Borroff answered 10/2, 2012 at 19:4 Comment(13)

Profiling data in the majority of applications suggests no significant loss due to increased pointer size. – Uncircumcised 10/2, 2012 at 19:9

The Intel Compiler has the option Qauto-ilp32 that "tries" to use 32-bits for pointers - even in x64 mode. – Dowdell 10/2, 2012 at 19:10

@Dowdell but that's more like the old-fashioned near and far pointers, right? That solution is OK, I suppose, but it's not quite as clean as the one I'm referring to. – Borroff 10/2, 2012 at 19:12

@Borroff No it isn't. If I'm reading it correctly, it actually tries to compress all pointers down to 32-bits. – Dowdell 10/2, 2012 at 19:18

@Mysticial: "… determine if there are 64-bit pointers which can be safely shrunk into 32-bit pointers." The last paragraph states that you are required not to use more than 32 bits, but all the preceding text refers to detection of overflow and selective optimization. It seems contradictory. Anyway, pointers passed to external library functions still need to be "far"… so the compiler needs some intelligence there. – Borroff 10/2, 2012 at 19:26

Oh, I thought you were referring to the near and far pointers from the old 16-bit days. – Dowdell 10/2, 2012 at 19:28

I think that when you pass a pointer into an external library, it will be padded with zeros back to 64-bits. So it's not a problem here. Returning a pointer from an external library can't be provably < 32-bits. So any pointer derived from those cannot be compressed. Basically, all pointers you generate yourself can be guaranteed < 32-bits using page-mapping tricks via the compiler's memory allocator. – Dowdell 10/2, 2012 at 19:37

@Dowdell The trickiness is in struct definitions, where external libraries expect 64 bits, but internal interfaces still need to be optimized to 32 bits or you aren't saving any memory at all. So the compiler has to analyze and mark each declaration as pseudo-near or pseudo-far. Ideally it works transparently, which would be nicer than 16-bit style, but there seems to be black magic afoot. – Borroff 10/2, 2012 at 19:53

It seems like normal 32-bit code could also be used in such a process, right? – Mandymandych 11/2, 2012 at 2:16

You miss the point. Every x86_64 platform out there has a 32 bit subsystem for executing legacy 32 bit code. But using the 64 bit instruction set, which doubles the numbers of available registers from 8 to 16, can have significant performance improvements, and in some rare cases (e. g. crafty in the link I gave) the doubled integer width gives an additional performance boost. – Giavani 11/2, 2012 at 9:22

It's worth noting that some Java virtual machines take a somewhat different tack; object references are 32 bits, but rather than representing byte addresses within a 4GB space, they represent scaled addresses in a larger space (I think 8x scaling is typical, allowing 32GB of address space rather than 4GB). – Rotifer 9/3, 2014 at 19:14

Does this answer your question? How to use 32-bit pointers in 64-bit application? – Presumption 15/10, 2021 at 6:19

As it happens, that’s what I ended up doing. Quite a bit of fancy footwork but it doubled memory efficiency and cache locality. – Borroff 16/10, 2021 at 19:59

There is an ABI called "x32" for linux in development. It's a mix between x86_64 and ia32 similar to what you describe - 32 bit address space while using the full 64 bit register set. It needs a custom kernel, binutils and gcc.
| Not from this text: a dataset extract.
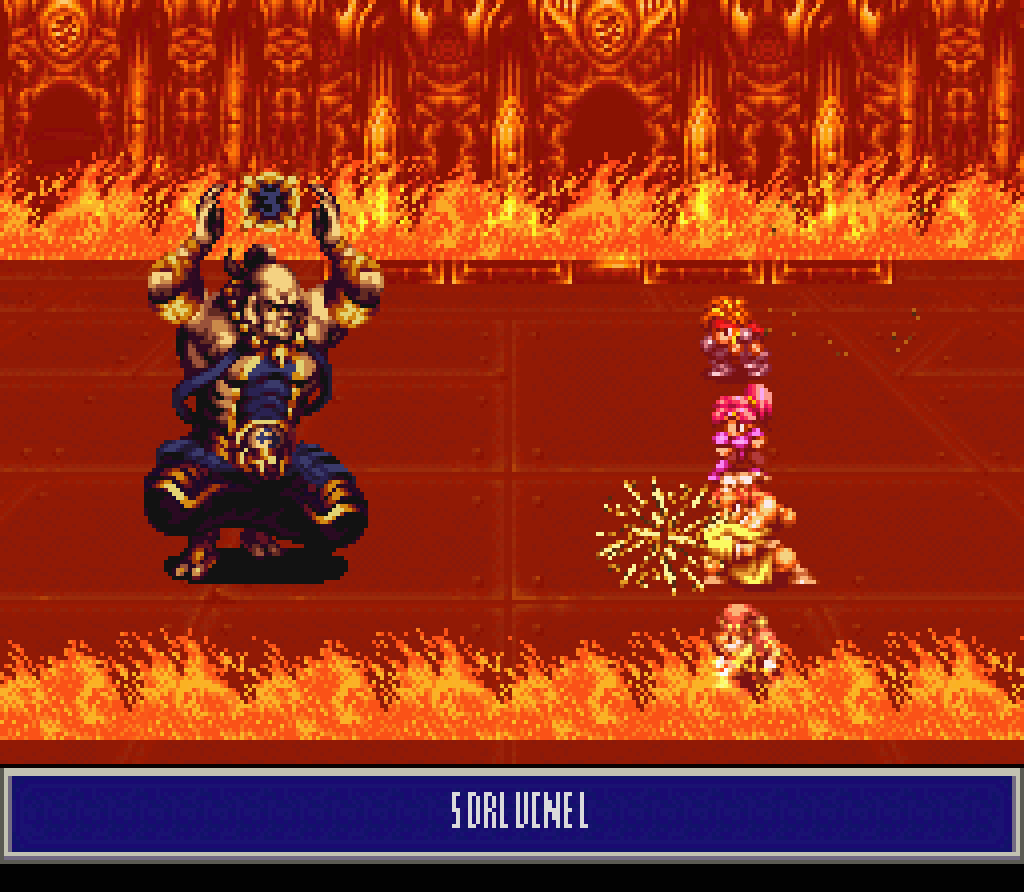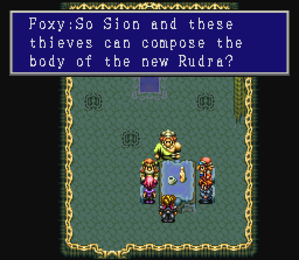 Screenshots: Sion's ScenarioThere's an important detail that I need to point out about these screenshots. Treasure of the Rudras utilizes a high resolution font. Meaning, the font will render higher than the resolution of the graphics. All of the following screenshots were captured in a normal 1x1 size. Hence, the dialogue and in-battle prompts appear rough and jagged.
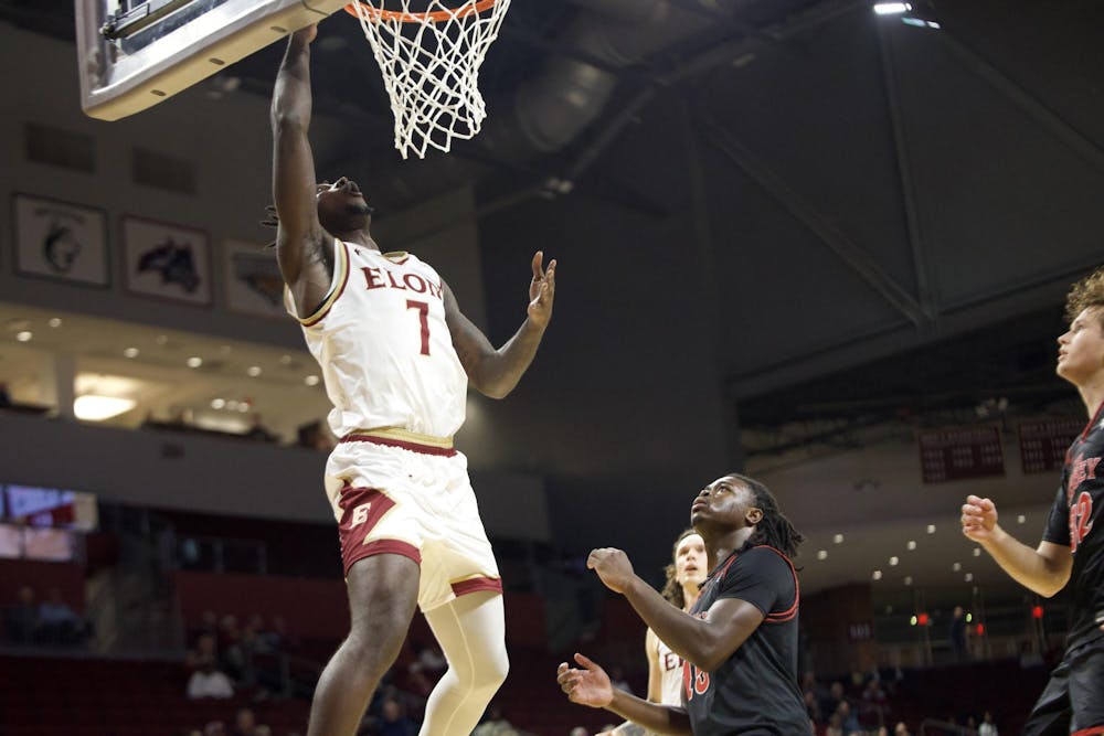 Graduate student Chandler Cuthrell attempts a lay up on Nov. 5 against Belmont Abbey. Cuthrell scored 22 points, the most out of all the Elon players this game.

Some SPEC runs indicate a performace improvement of about 30% in some benchmarks. See further information at https://sites.google.com/site/x32abi/

Giavani answered 11/2, 2012 at 0:19 Comment(2)

This is really good info. I felt a little unsure about asking the question, because its phrasing possibly precluded any good answer. But having even just one platform to support the chimera, just in case the difference is significant enough, does change the playing field. – Borroff 11/2, 2012 at 9:59

unfortunately Linux Kernel Developers Discuss Dropping x32 Support – Statistician 24/10, 2020 at 0:45

As Mysticial commented above, ICC has the -auto-ilp32 / /Qauto-ilp32 option to use 32-bit pointers in 64-bit mode:

Instructs the compiler to analyze the program to determine if there are 64-bit pointers that can be safely shrunk into 32-bit pointers and if there are 64-bit longs (on Linux* systems) that can be safely shrunk into 32-bit longs.

On Windows there's no x32abi like on Linux, but you can still use 32-bit pointers by disabling the /LARGEADDRESSAWARE flag which is enabled for 64-bit binaries by default

By default, 64-bit Microsoft Windows-based applications have a user-mode address space of several terabytes. For precise values, see Memory Limits for Windows and Windows Server Releases. However, applications can specify that the system should allocate all memory for the application below 2 gigabytes. This feature is beneficial for 64-bit applications if the following conditions are true:

A 2 GB address space is sufficient.

The code has many pointer truncation warnings.

Pointers and integers are freely mixed.

The code has polymorphism using 32-bit data types.

All pointers are still 64-bit pointers, but the system ensures that every memory allocation occurs below the 2 GB limit, so that if the application truncates a pointer, no significant data is lost. Pointers can be truncated to 32-bit values, then extended to 64-bit values by either sign extension or zero extension.

Virtual Address Space

Of course there's no direct compiler support like the -mx32 option in GCC, therefore you may need to deal with pointers manually every time you store a pointer to memory or dereference it. The simplest solution is to write a class wrapping a 32-bit pointer to handle that. Luckily MS also had experience on mixed 32 and 64-bit pointers in the same architecture so they have lots of supporting keywords/macros:

POINTER_32/__ptr32
POINTER_64/__ptr64
POINTER_SIGNED/__sptr
POINTER_UNSIGNED/__uptr

Google's V8 engine uses a different way by compressing pointers to 32 bits to save memory as well as improve performance. See the comparison in memory and performance improvement here

Statistician answered 23/10, 2020 at 16:38 Comment(0)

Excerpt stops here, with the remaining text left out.